About this exercise: In the entries that follow, find the line containing "Alumnos, si tienen" and the line containing "A color photograph", then retype exactly the lines from the first through the second, pictures excluded.

== == ==

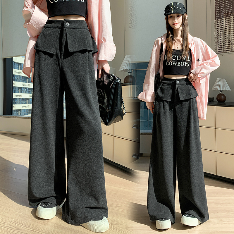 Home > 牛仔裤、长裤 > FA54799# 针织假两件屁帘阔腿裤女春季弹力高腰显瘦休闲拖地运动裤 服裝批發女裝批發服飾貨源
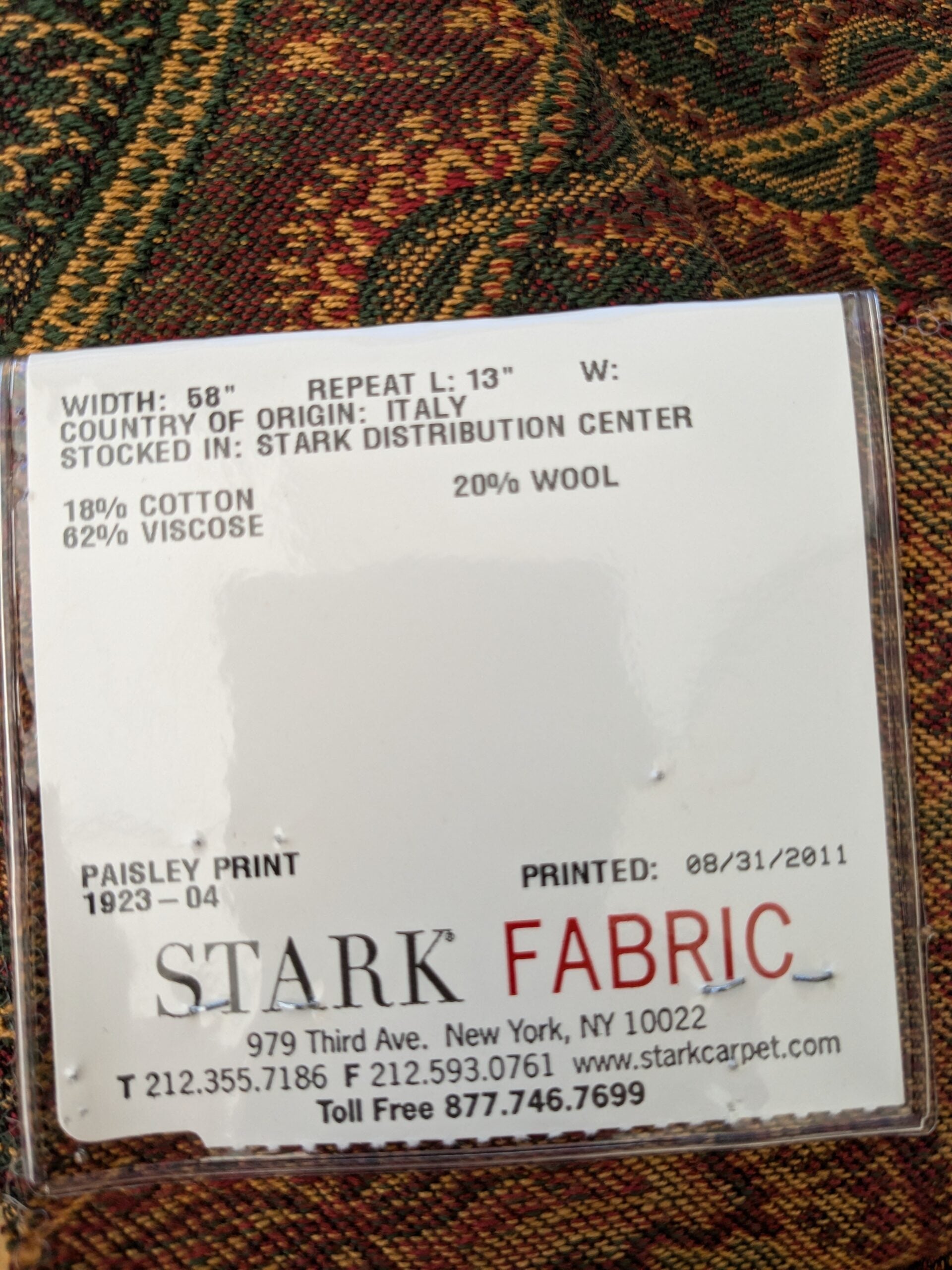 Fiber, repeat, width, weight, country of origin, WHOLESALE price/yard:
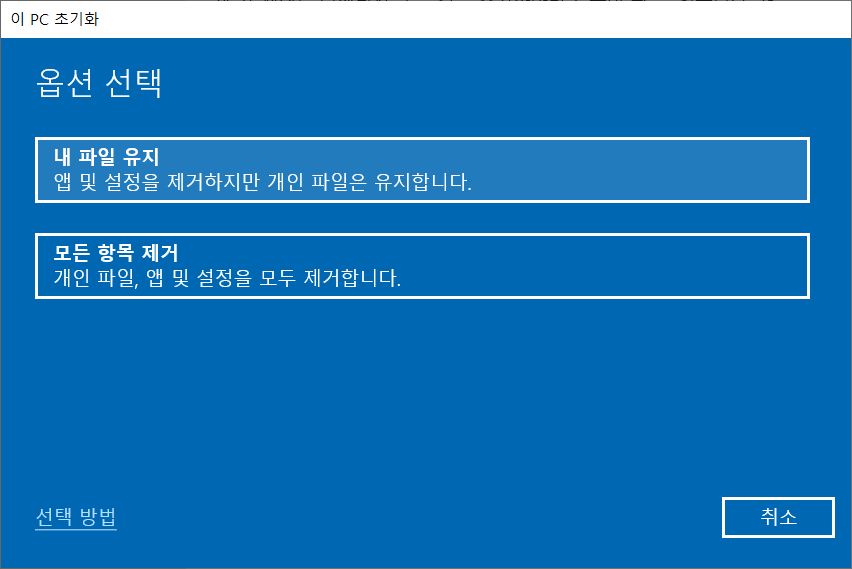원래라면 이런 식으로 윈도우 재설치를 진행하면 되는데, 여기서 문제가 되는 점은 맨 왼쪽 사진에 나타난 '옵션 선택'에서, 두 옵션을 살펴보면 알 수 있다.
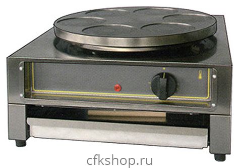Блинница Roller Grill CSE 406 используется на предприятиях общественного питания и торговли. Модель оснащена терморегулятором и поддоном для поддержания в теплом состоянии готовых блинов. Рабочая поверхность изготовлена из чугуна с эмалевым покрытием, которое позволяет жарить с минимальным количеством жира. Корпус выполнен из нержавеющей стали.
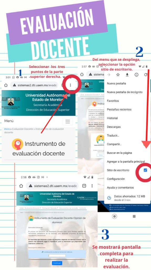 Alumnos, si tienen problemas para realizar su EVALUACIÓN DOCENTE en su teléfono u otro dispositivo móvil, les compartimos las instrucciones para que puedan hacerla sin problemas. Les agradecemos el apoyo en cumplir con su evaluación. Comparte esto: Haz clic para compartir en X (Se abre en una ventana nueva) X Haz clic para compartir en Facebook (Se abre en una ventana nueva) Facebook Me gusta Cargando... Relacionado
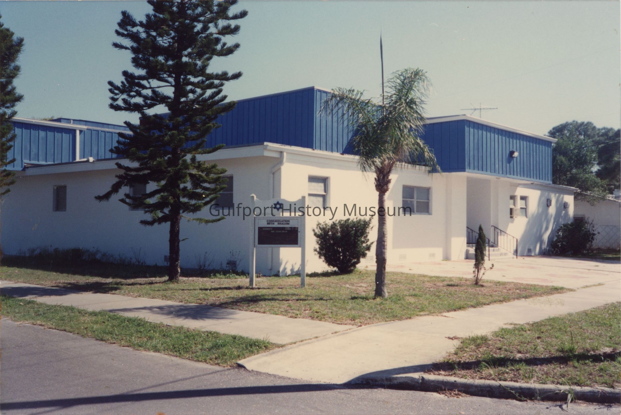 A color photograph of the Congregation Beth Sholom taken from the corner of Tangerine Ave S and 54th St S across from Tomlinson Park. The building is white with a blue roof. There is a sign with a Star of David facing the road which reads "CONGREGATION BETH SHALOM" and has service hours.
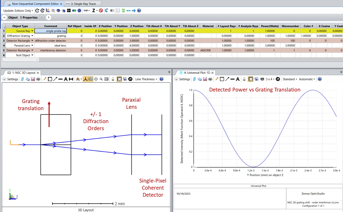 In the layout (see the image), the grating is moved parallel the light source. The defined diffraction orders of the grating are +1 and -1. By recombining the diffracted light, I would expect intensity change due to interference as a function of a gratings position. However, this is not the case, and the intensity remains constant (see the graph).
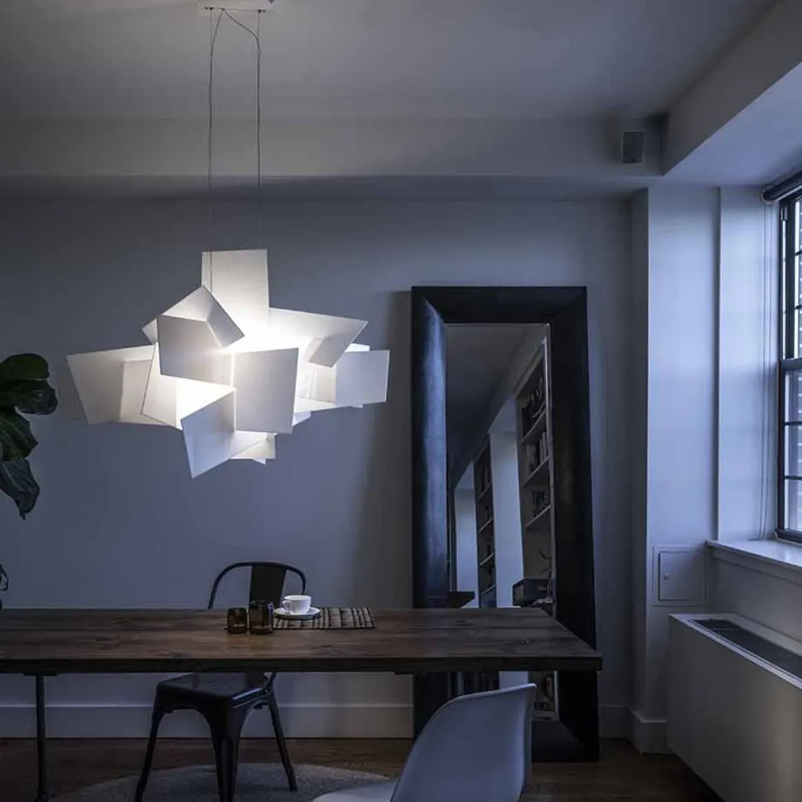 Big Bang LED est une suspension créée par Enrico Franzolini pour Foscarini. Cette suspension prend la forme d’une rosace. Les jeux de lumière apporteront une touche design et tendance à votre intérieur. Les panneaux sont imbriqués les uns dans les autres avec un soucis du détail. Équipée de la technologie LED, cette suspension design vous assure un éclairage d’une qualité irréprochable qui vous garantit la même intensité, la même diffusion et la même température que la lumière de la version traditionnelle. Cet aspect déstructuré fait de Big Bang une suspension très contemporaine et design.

== == ==

Your solution:
 Alumnos, si tienen problemas para realizar su EVALUACIÓN DOCENTE en su teléfono u otro dispositivo móvil, les compartimos las instrucciones para que puedan hacerla sin problemas. Les agradecemos el apoyo en cumplir con su evaluación. Comparte esto: Haz clic para compartir en X (Se abre en una ventana nueva) X Haz clic para compartir en Facebook (Se abre en una ventana nueva) Facebook Me gusta Cargando... Relacionado
 A color photograph of the Congregation Beth Sholom taken from the corner of Tangerine Ave S and 54th St S across from Tomlinson Park. The building is white with a blue roof. There is a sign with a Star of David facing the road which reads "CONGREGATION BETH SHALOM" and has service hours.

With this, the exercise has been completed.